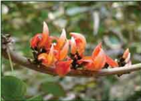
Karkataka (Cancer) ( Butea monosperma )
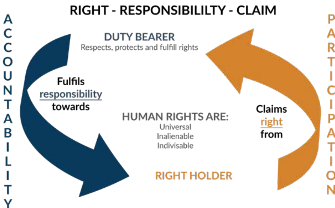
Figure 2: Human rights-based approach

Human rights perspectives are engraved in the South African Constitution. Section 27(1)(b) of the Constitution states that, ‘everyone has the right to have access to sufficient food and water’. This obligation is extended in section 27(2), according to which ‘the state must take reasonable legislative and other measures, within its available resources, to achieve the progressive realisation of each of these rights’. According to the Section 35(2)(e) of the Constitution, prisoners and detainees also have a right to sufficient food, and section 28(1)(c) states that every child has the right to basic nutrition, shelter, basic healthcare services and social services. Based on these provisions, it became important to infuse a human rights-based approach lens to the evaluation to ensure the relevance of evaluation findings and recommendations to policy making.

--------------------------------

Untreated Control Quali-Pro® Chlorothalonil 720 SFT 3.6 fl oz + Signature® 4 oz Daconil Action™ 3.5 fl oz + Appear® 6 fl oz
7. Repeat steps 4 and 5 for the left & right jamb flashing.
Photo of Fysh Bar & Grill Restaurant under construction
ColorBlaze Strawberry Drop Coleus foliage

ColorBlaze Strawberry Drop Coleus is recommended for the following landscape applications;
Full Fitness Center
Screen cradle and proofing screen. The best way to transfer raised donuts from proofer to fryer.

--------------------------------

*Work order:* Would you please copy, word for word, everything above from the line containing "Untreated Control Quali-Pro®" down to the line containing "Screen cradle and", those two lines included?

*Result of this task:*
Untreated Control Quali-Pro® Chlorothalonil 720 SFT 3.6 fl oz + Signature® 4 oz Daconil Action™ 3.5 fl oz + Appear® 6 fl oz
7. Repeat steps 4 and 5 for the left & right jamb flashing.
Photo of Fysh Bar & Grill Restaurant under construction
ColorBlaze Strawberry Drop Coleus foliage

ColorBlaze Strawberry Drop Coleus is recommended for the following landscape applications;
Full Fitness Center
Screen cradle and proofing screen. The best way to transfer raised donuts from proofer to fryer.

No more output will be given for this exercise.